_Material provided:_
--- START ---
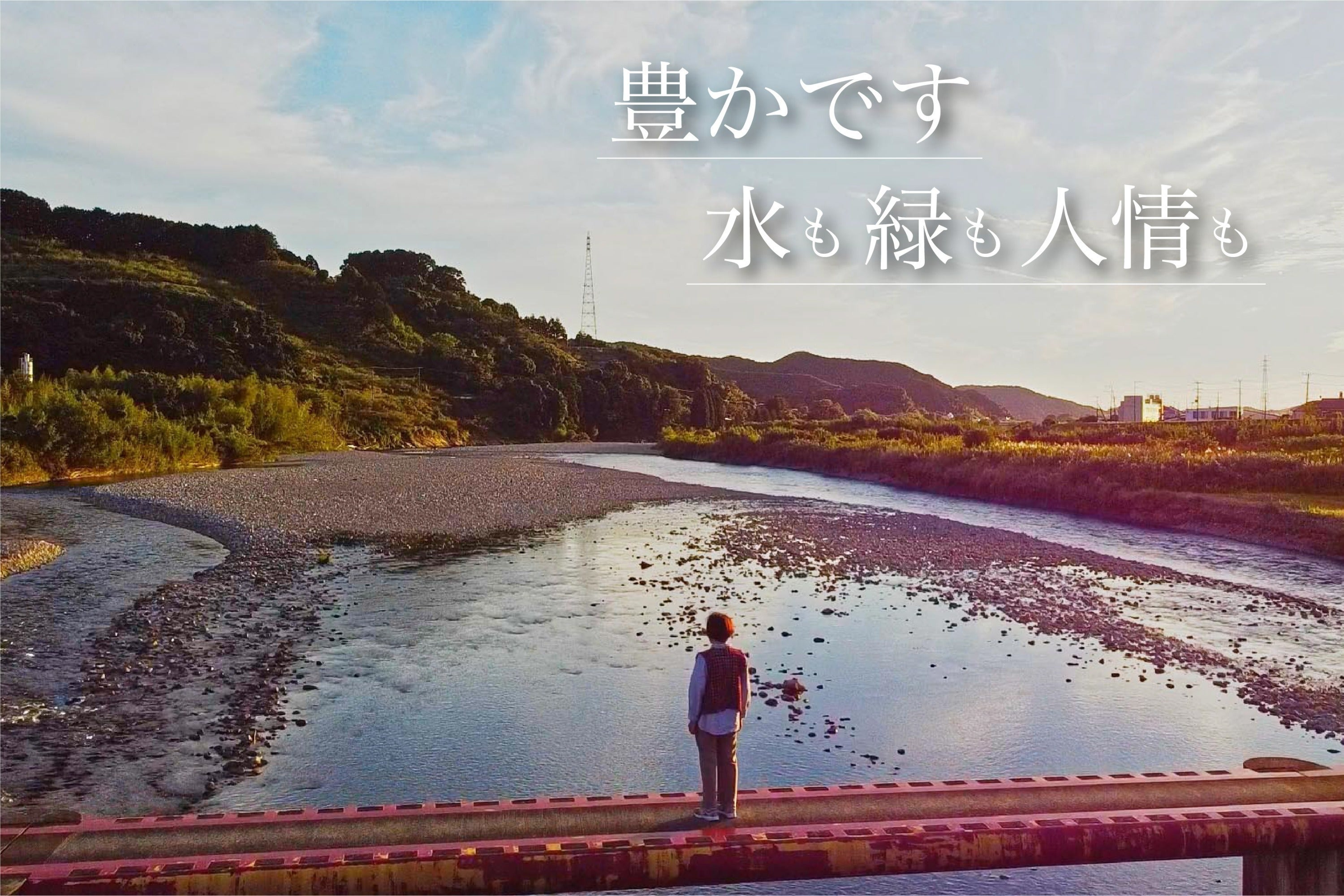 上富田町のキャッチフレーズは「豊です。水と緑と人情も」。
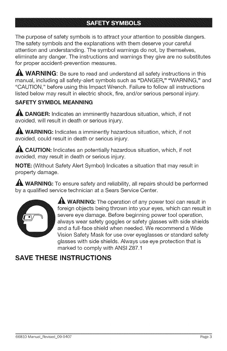 Craftsman 32066810 User Manual IMPACT WRENCH Manuals And Guides L0910009
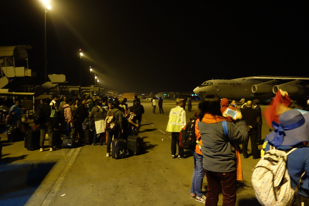 We returned to the airport as it got dark and continued to wait. Flight after flight was cancelled and we were prepared to try to find a guesthouse or to camp out in the open. Well-equipped tourists on trekking holidays set up tents in the airport parking lot. Against all odds, security let those on our flight and two others into the airport. We all moved through the building and out onto the tarmac. Even though we didn’t see any signs of damage, there was too much risk of aftershocks to stay inside. I’ve never in my life seen a runway full of hundreds of people as planes roar in and land and I’ve never heard such cheers either.
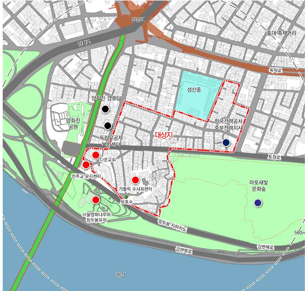 ±âÁ¸ °¡·Î´Â ÃÖ´ëÇÑ »ì¸®µÇ »ó°¡¿¡ °¡·Î Ȱ¼ºÈ ½Ã¼³À» Ãß°¡ ¼³Ä¡ÇØ ¸¶Æ÷ÇÏ´Ã±æ µî ÇÕÁ¤µ¿¿¡ ¾î¿ï¸®´Â Ä¿¹Â´ÏƼ °¡·Î¸¦ Á¶¼ºÇÑ´Ù. °¡·Î±¸¿ª ³»ºÎ¿¡´Â ÃæºÐÇÑ ±Ô¸ðÀÇ °øµ¿ÁÖÅà ´ÜÁö¿Í °ø°ø°øÁö(2323§³) µî Á¤ºñ±â¹Ý½Ã¼³À» ¼³Ä¡Åä·Ï Çß´Ù. ƯÈ÷ ÀýµÎ»ê ¼ºÁö¿Í ÀÎÁ¢ÇÑ ¿ª»ç¹®Èȯ°æº¸È£±¸¿ª ³»¿¡ À§Ä¡ÇØ ³ôÀÌ Á¦ÇÑ µî ±ÔÁ¦·Î °³¹ßÀÌ ¾î·Á¿ü´ø ÀúÃþ ÁÖ°ÅÁö±îÁö Áߤý°íÃþ °øµ¿ÁÖÅà °èȹÀÌ °¡´ÉÇØÁ³´Ù.
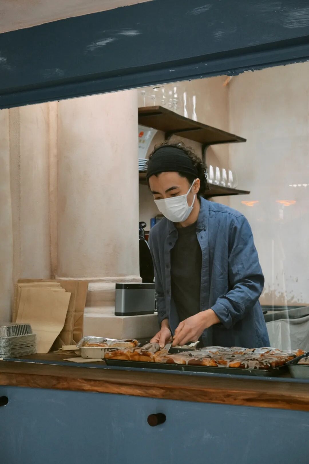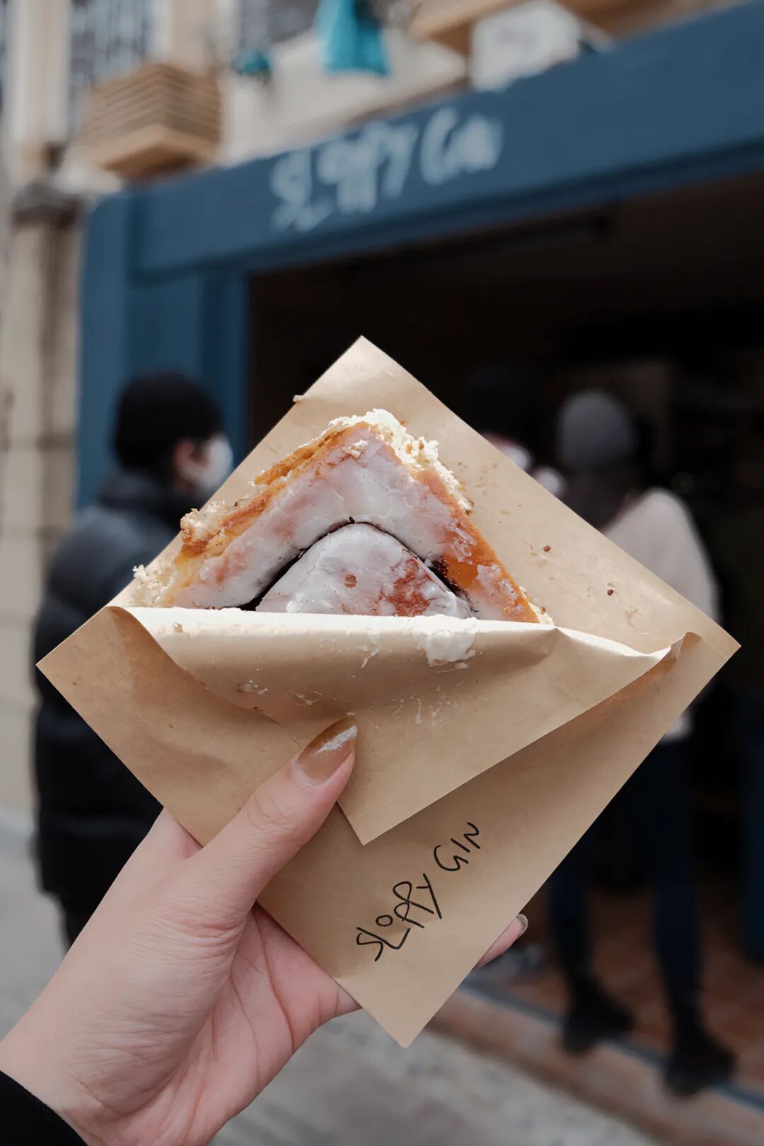 从开业火到现在的手作小店Sloppy Gin,工业风蓝色门头小众高级,店内售卖的单品也直接写在厨房的玻璃上,实在是有个性~他们家主打全自然酵母发酵的面包,肉桂卷、可颂、甜甜圈都有,推荐大家试试肉桂卷,面包香软富有嚼劲,肉桂量足香气浓郁,吃完一整个简直不要太满足!
--- END ---
_Work item:_
Quote exactly the lines from the one that contains "We returned to" through the end of the listing above, both ends included, leaving out the pictures.

_Response below:_
 We returned to the airport as it got dark and continued to wait. Flight after flight was cancelled and we were prepared to try to find a guesthouse or to camp out in the open. Well-equipped tourists on trekking holidays set up tents in the airport parking lot. Against all odds, security let those on our flight and two others into the airport. We all moved through the building and out onto the tarmac. Even though we didn’t see any signs of damage, there was too much risk of aftershocks to stay inside. I’ve never in my life seen a runway full of hundreds of people as planes roar in and land and I’ve never heard such cheers either.
 ±âÁ¸ °¡·Î´Â ÃÖ´ëÇÑ »ì¸®µÇ »ó°¡¿¡ °¡·Î Ȱ¼ºÈ ½Ã¼³À» Ãß°¡ ¼³Ä¡ÇØ ¸¶Æ÷ÇÏ´Ã±æ µî ÇÕÁ¤µ¿¿¡ ¾î¿ï¸®´Â Ä¿¹Â´ÏƼ °¡·Î¸¦ Á¶¼ºÇÑ´Ù. °¡·Î±¸¿ª ³»ºÎ¿¡´Â ÃæºÐÇÑ ±Ô¸ðÀÇ °øµ¿ÁÖÅà ´ÜÁö¿Í °ø°ø°øÁö(2323§³) µî Á¤ºñ±â¹Ý½Ã¼³À» ¼³Ä¡Åä·Ï Çß´Ù. ƯÈ÷ ÀýµÎ»ê ¼ºÁö¿Í ÀÎÁ¢ÇÑ ¿ª»ç¹®Èȯ°æº¸È£±¸¿ª ³»¿¡ À§Ä¡ÇØ ³ôÀÌ Á¦ÇÑ µî ±ÔÁ¦·Î °³¹ßÀÌ ¾î·Á¿ü´ø ÀúÃþ ÁÖ°ÅÁö±îÁö Áߤý°íÃþ °øµ¿ÁÖÅà °èȹÀÌ °¡´ÉÇØÁ³´Ù.
 从开业火到现在的手作小店Sloppy Gin,工业风蓝色门头小众高级,店内售卖的单品也直接写在厨房的玻璃上,实在是有个性~他们家主打全自然酵母发酵的面包,肉桂卷、可颂、甜甜圈都有,推荐大家试试肉桂卷,面包香软富有嚼劲,肉桂量足香气浓郁,吃完一整个简直不要太满足!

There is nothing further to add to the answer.